**Exercise aim:** Up to and including the line with "6月20日,永利yl2341", reproduce the listing below exactly, beginning at its first line.
START Study material
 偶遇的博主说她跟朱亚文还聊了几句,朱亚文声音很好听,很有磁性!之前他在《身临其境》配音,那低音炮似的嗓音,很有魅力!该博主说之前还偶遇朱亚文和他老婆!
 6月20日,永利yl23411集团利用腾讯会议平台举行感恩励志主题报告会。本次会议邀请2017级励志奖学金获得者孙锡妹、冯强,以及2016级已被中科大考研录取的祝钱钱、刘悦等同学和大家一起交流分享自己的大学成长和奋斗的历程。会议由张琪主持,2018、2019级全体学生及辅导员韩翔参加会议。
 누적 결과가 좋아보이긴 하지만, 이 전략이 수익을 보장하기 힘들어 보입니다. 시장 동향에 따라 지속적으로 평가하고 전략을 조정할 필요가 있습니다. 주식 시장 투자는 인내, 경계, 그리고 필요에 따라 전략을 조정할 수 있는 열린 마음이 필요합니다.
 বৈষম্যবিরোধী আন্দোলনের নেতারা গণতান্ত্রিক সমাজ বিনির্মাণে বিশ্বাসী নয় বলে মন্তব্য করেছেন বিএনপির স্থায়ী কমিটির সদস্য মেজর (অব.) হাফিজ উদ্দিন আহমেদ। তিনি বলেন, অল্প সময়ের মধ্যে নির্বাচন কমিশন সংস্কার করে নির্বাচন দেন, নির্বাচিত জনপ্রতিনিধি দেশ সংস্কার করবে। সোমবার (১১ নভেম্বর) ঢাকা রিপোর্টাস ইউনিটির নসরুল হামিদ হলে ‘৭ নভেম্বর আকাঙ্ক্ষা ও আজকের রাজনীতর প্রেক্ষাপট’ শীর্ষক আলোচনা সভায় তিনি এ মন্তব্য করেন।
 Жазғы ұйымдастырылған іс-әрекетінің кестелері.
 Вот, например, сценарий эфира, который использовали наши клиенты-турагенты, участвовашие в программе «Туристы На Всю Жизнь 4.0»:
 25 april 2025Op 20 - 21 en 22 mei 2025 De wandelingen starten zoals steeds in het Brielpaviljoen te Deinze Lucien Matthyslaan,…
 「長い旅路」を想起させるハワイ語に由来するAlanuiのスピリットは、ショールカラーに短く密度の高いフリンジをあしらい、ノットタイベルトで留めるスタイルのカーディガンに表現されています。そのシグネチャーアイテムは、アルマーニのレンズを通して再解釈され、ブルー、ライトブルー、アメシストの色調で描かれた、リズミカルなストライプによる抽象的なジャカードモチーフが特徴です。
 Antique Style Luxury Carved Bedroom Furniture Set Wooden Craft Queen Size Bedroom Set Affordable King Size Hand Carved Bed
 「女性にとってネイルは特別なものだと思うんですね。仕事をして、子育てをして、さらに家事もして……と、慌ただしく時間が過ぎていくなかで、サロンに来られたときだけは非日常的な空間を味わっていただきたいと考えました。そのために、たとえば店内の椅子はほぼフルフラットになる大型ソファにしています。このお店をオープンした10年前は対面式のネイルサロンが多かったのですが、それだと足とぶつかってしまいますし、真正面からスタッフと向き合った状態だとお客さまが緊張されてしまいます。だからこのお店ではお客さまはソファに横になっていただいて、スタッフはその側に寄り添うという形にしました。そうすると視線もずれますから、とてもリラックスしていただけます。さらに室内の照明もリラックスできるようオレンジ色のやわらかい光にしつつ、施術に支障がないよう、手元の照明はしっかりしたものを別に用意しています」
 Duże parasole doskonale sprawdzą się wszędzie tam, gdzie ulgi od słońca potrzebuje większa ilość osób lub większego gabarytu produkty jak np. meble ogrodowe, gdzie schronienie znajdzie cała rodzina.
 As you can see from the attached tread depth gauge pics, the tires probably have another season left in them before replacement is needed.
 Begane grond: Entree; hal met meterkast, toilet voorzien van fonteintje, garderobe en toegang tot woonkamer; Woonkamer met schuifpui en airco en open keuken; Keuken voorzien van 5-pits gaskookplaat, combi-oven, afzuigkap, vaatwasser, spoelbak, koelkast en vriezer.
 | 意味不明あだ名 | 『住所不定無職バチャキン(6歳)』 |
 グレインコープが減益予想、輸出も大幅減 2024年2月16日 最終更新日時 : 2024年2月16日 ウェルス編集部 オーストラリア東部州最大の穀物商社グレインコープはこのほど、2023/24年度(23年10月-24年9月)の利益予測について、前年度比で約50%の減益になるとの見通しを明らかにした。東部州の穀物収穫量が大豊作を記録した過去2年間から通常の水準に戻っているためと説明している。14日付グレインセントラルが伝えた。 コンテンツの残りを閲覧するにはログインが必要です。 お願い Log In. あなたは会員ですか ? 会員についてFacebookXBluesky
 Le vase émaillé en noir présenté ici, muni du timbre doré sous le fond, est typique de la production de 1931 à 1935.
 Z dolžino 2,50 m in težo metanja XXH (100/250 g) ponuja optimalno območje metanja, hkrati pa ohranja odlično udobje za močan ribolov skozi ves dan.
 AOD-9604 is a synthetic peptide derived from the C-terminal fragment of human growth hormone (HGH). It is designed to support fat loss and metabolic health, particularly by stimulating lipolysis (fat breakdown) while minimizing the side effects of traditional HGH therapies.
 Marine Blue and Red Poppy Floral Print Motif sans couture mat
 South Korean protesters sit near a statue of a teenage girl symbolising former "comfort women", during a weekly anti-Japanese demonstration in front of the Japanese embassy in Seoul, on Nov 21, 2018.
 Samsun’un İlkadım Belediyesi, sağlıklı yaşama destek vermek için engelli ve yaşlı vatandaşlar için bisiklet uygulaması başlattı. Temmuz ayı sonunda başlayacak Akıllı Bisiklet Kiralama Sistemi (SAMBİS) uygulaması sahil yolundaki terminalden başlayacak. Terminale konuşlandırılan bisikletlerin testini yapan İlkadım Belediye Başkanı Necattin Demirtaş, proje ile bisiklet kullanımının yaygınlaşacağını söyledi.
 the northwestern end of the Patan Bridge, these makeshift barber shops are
END Study material
**Task result:**
 偶遇的博主说她跟朱亚文还聊了几句,朱亚文声音很好听,很有磁性!之前他在《身临其境》配音,那低音炮似的嗓音,很有魅力!该博主说之前还偶遇朱亚文和他老婆!
 6月20日,永利yl23411集团利用腾讯会议平台举行感恩励志主题报告会。本次会议邀请2017级励志奖学金获得者孙锡妹、冯强,以及2016级已被中科大考研录取的祝钱钱、刘悦等同学和大家一起交流分享自己的大学成长和奋斗的历程。会议由张琪主持,2018、2019级全体学生及辅导员韩翔参加会议。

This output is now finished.